Let's try some other tests in the cell below.

In [48]:
print(2 > 1)
print(1 == 1)
print(1 == 3)
print(5 <= 6)
print(5 <= 5)
print(100 >= 101)
print(2 != 4)
print('apple' != 'banana')

True
True
False
True
True
False
True
True


#### Creating a columns of true/false values based on values in a column of a dataframe.
Let's say we want all the rows of the baby name data where the value in the 'Rank' column is 1. We just need to use the '==' operator we review above.

First get the column from the dataframe using the .loc method and then use the '==' to test for equivalence to 1. Notice that this prints a Series (which is a like a pandas DataFrame but just 1-dimensional instead of having multiple columns.

In [49]:
nameData.loc[:, 'Rank'] == 1

0       True
1      False
2      False
3      False
4      False
       ...  
845    False
846    False
847    False
848    False
849    False
Name: Rank, Length: 850, dtype: bool

#### Assign the True/False values to a variable and use it with the .loc method to index the dataframe
This time, we will assign the output True/False values to the variable name _ranked1st_.  Now we can use this variable to index our dataframe.

In [50]:
ranked1st = nameData.loc[:, 'Rank'] == 1

#### Using a boolean series with .loc
You can use a boolean series with .loc to select the rows (or columns) where the series has a value of True.
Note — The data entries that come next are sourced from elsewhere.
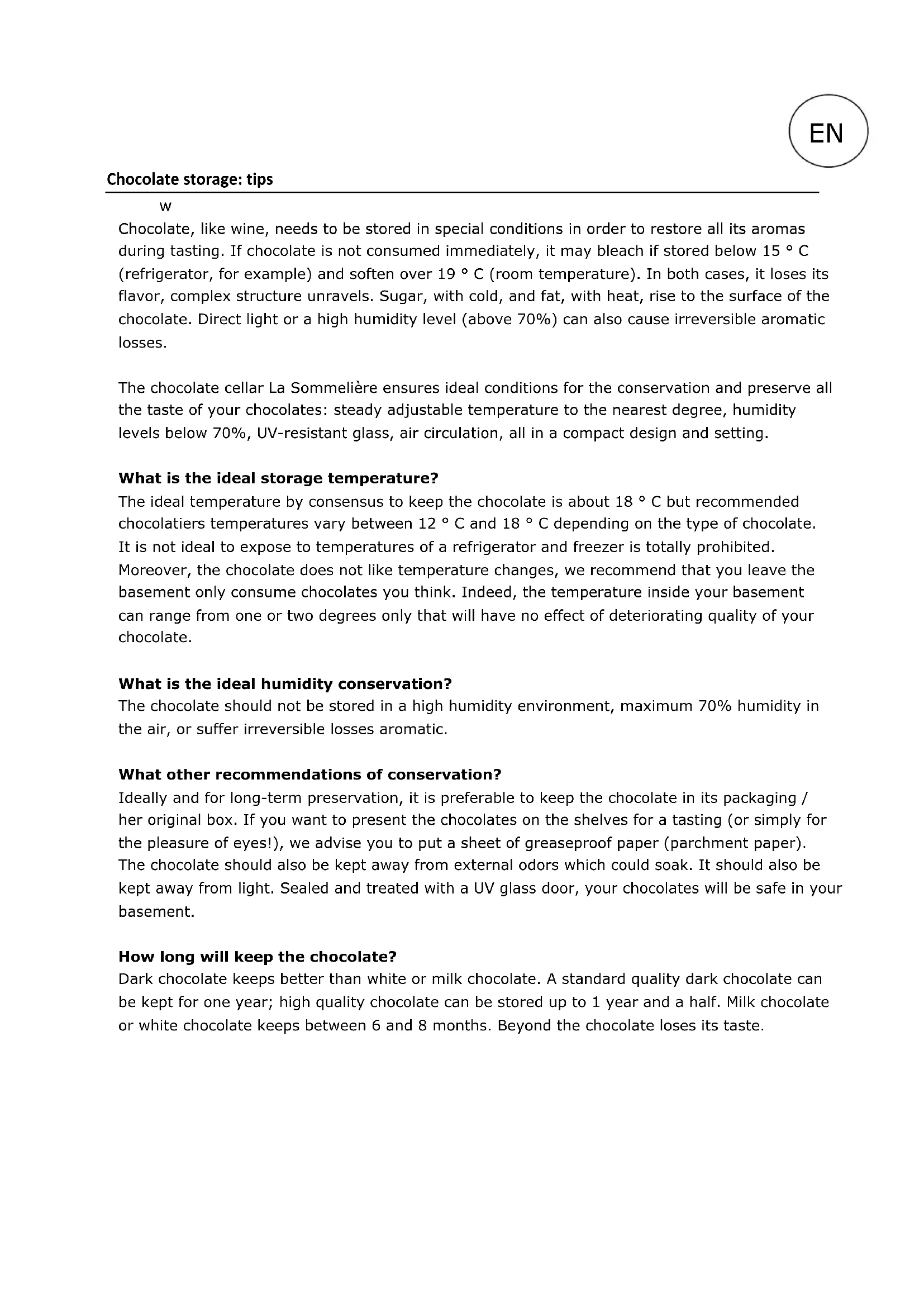 FRChocolate storage: tips Chocolate, like wine, needs to be stored in special conditions in order to restore all its aromas during tasting. If chocolate is not consumed immediately, it may bleach if stored below 15 ° C (refrigerator, for example) and soften over 19 ° C (room temperature). In both cases, it loses its flavor, complex structure unravels. Sugar, with cold, and fat, with heat, rise to the surface of the chocolate. Direct light or a high humidity level (above 70%) can also cause irreversible aromatic losses. The chocolate cellar La Sommelière ensures ideal conditions for the conservation and preserve all the taste of your chocolates: steady adjustable temperature to the nearest degree, humidity levels below 70%, UV-resistant glass, air circulation, all in a compact design and setting. What is the ideal storage temperature? The ideal temperature by consensus to keep the chocolate is about 18 ° C but recommended chocolatiers temperatures vary between 12 ° C and 18 ° C depending on the type of chocolate. It is not ideal to expose to temperatures of a refrigerator and freezer is totally prohibited. Moreover, the chocolate does not like temperature changes, we recommend that you leave the basement only consume chocolates you think. Indeed, the temperature inside your basement can range from one or two degrees only that will have no effect of deteriorating quality of your chocolate. What is the ideal humidity conservation? The chocolate should not be stored in a high humidity environment, maximum 70% humidity in the air, or suffer irreversible losses aromatic. What other recommendations of conservation? Ideally and for long-term preservation, it is preferable to keep the chocolate in its packaging / her original box. If you want to present the chocolates on the shelves for a tasting (or simply for the pleasure of eyes!), we advise you to put a sheet of greaseproof paper (parchment paper). The chocolate should also be kept away from external odors which could soak. It should also be kept away from light. Sealed and treated with a UV glass door, your chocolates will be safe in your basement. How long will keep the chocolate? Dark chocolate keeps better than white or milk chocolate. A standard quality dark chocolate can be kept for one year; high quality chocolate can be stored up to 1 year and a half. Milk chocolate or white chocolate keeps between 6 and 8 months. Beyond the chocolate loses its taste.
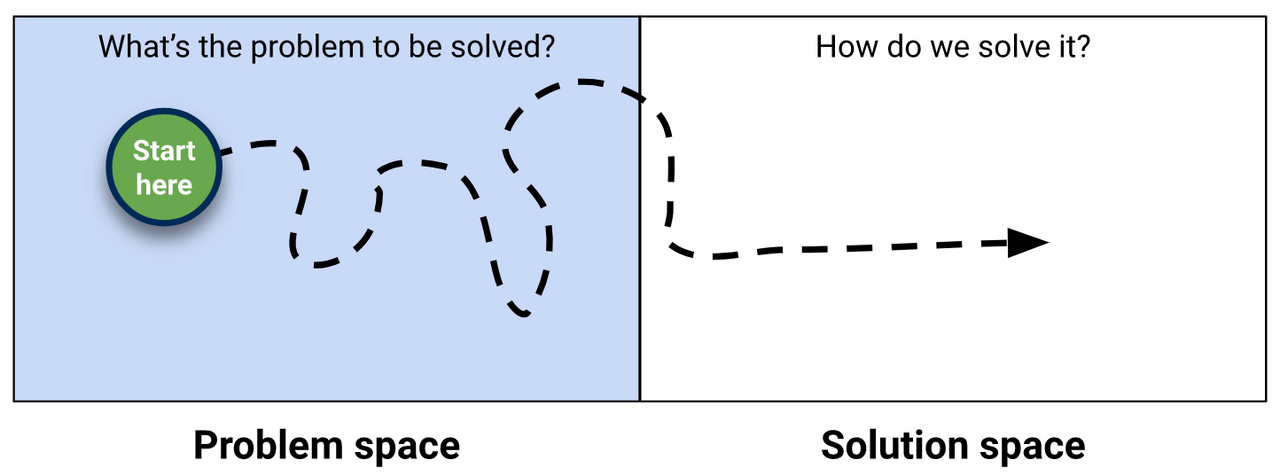 When a team solves a problem by starting in the problem space and first understanding their customers’ problems, they minimise rework and maximise results, whilst also creating a sense of common purpose in the team. By the time they begin to craft a solution they have greater confidence that it relates to an important problem their customers are facing. Problem solving is - of course - not entirely linear. Teams will need to regularly return to the problem space as they progress in solving a problem.
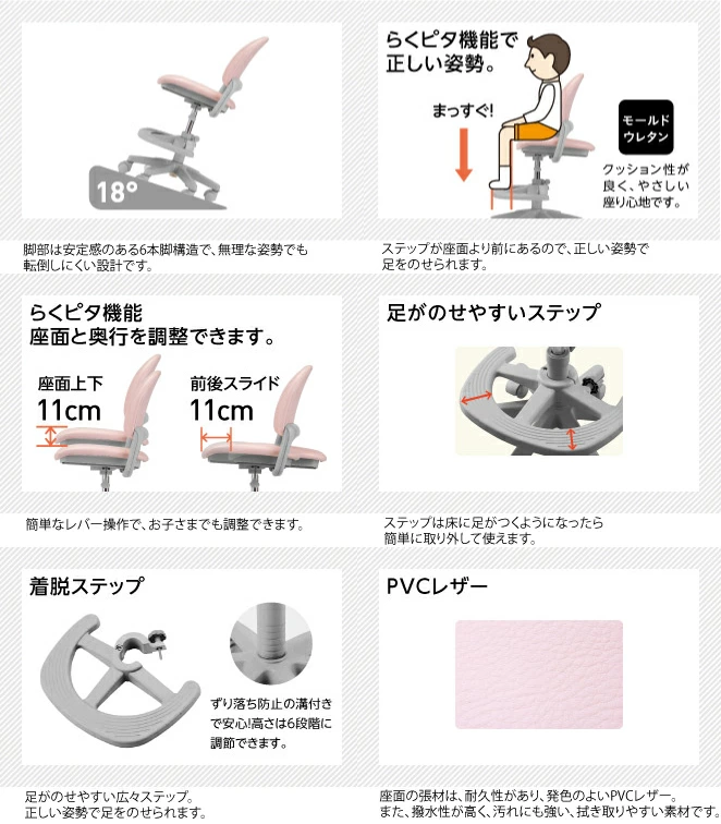 ・背面前後スライド調節(11cm) ・6本脚構造 ・切り替えキャスター チェア材質:PVCレザー、ウレタン、ナイロン |

You can _not_ do this with .iloc.

Note how the below only gets the rows where _ranked1st_ has the value of True.

In [51]:
nameData.loc[ranked1st, :]

Unnamed: 0,Rank,Year,Name,Frequency
0,1,1980,Michael,3886
25,1,1981,Michael,3632
50,1,1982,Michael,3664
75,1,1983,Michael,3681
100,1,1984,Michael,3669
125,1,1985,Michael,3480
150,1,1986,Michael,3337
175,1,1987,Michael,3467
200,1,1988,Michael,3540
225,1,1989,Michael,3624


#### Note that you can use the True/False test directly in the .loc method, this is usually what you will see.

In [52]:
nameData.loc[nameData['Rank'] == 1, :]

Unnamed: 0,Rank,Year,Name,Frequency
0,1,1980,Michael,3886
25,1,1981,Michael,3632
50,1,1982,Michael,3664
75,1,1983,Michael,3681
100,1,1984,Michael,3669
125,1,1985,Michael,3480
150,1,1986,Michael,3337
175,1,1987,Michael,3467
200,1,1988,Michael,3540
225,1,1989,Michael,3624


#### Let's look at some more examples: Use booleans and .loc to get all the rows for the name 'William'.

In [53]:
nameData.loc[nameData['Name'] == 'William', :]

Unnamed: 0,Rank,Year,Name,Frequency
17,18,1980,William,1192
40,16,1981,William,1176
69,20,1982,William,1124
95,21,1983,William,1033
120,21,1984,William,1075
149,25,1985,William,919
173,24,1986,William,949
196,22,1987,William,983
223,24,1988,William,916
244,20,1989,William,983


#### Get all rows where the rank is 3 or higher (3rd place, 2nd place, or 1st place)

In [54]:
nameData.loc[nameData['Rank'] <= 3, :]

Unnamed: 0,Rank,Year,Name,Frequency
0,1,1980,Michael,3886
1,2,1980,Jason,2389
2,3,1980,Christopher,2273
25,1,1981,Michael,3632
26,2,1981,Matthew,2329
...,...,...,...,...
801,2,2012,NOAH,749
802,3,2012,ALEXANDER,742
825,1,2013,NOAH,738
826,2,2013,JACOB,714


#### Practice Exercise: Get all the rows for the year 2000

In [55]:
# In this cell, use the .loc method and an '==' test to get all the rows where the year is equal to 2000

<a name=UsingLocWithMultipleConditions></a>
# Using .loc to get rows based on multiple _conditions_
In this section, we are going to look out how we get rows where multiple conditions are True. This is also a very common thing to do!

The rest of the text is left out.